▸ Supplied records
——————

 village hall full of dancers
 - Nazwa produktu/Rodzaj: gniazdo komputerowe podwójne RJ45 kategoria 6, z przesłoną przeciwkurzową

——————

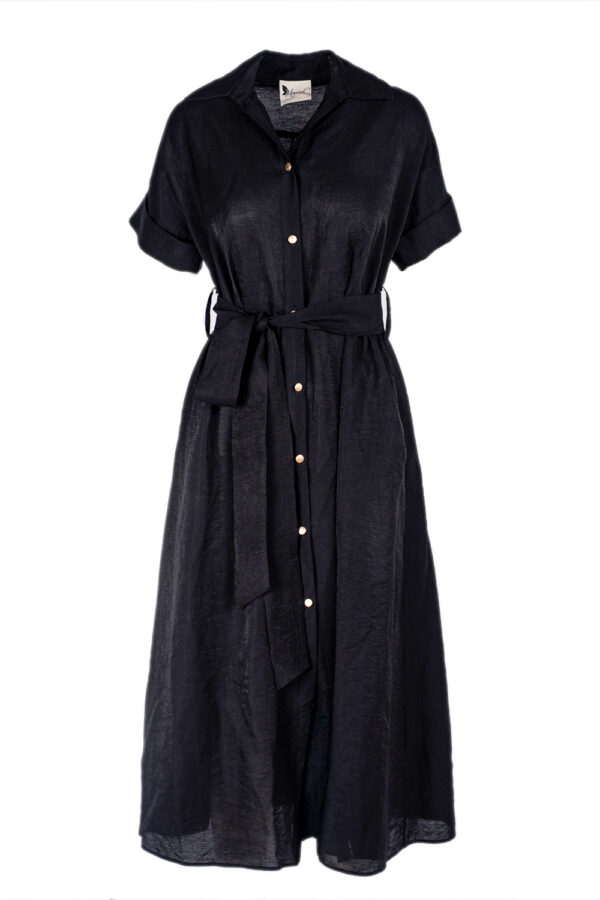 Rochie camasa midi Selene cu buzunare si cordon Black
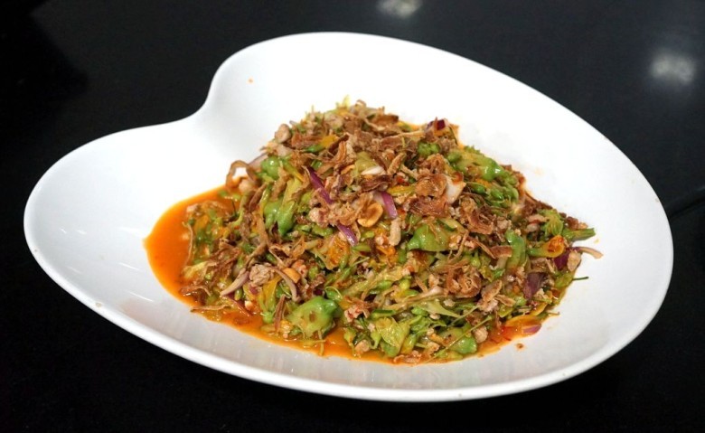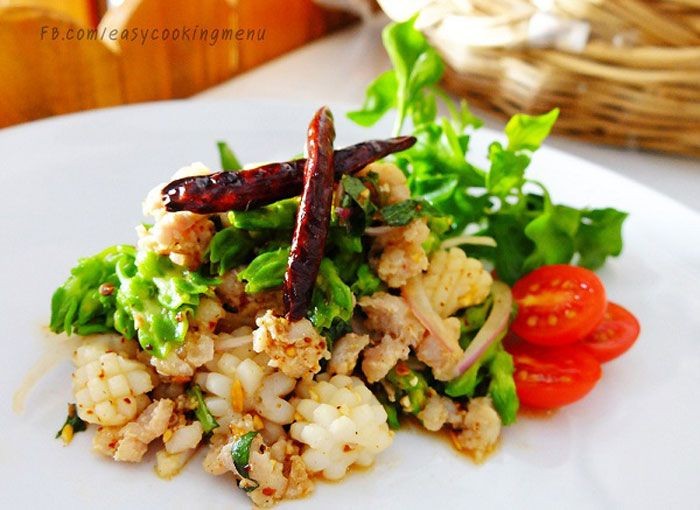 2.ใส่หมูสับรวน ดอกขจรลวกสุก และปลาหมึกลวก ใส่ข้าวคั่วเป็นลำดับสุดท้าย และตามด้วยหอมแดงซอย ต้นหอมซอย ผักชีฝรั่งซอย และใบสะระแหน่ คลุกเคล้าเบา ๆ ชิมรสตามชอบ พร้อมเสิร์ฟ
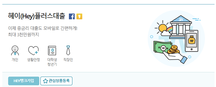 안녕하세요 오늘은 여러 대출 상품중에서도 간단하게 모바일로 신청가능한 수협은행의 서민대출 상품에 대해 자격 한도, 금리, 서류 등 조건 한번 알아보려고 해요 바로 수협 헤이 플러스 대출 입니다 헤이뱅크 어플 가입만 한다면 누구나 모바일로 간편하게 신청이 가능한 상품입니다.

——————

▸ Problem
From the records above, copy exactly the lines starting at the one with "2.ใส่หมูสับรวน ดอกขจรลวกสุก และปลาหมึกลวก" and ending at the one with "안녕하세요 오늘은 여러", and no others. Pictures stay out.

▸ Final answer
 2.ใส่หมูสับรวน ดอกขจรลวกสุก และปลาหมึกลวก ใส่ข้าวคั่วเป็นลำดับสุดท้าย และตามด้วยหอมแดงซอย ต้นหอมซอย ผักชีฝรั่งซอย และใบสะระแหน่ คลุกเคล้าเบา ๆ ชิมรสตามชอบ พร้อมเสิร์ฟ
 안녕하세요 오늘은 여러 대출 상품중에서도 간단하게 모바일로 신청가능한 수협은행의 서민대출 상품에 대해 자격 한도, 금리, 서류 등 조건 한번 알아보려고 해요 바로 수협 헤이 플러스 대출 입니다 헤이뱅크 어플 가입만 한다면 누구나 모바일로 간편하게 신청이 가능한 상품입니다.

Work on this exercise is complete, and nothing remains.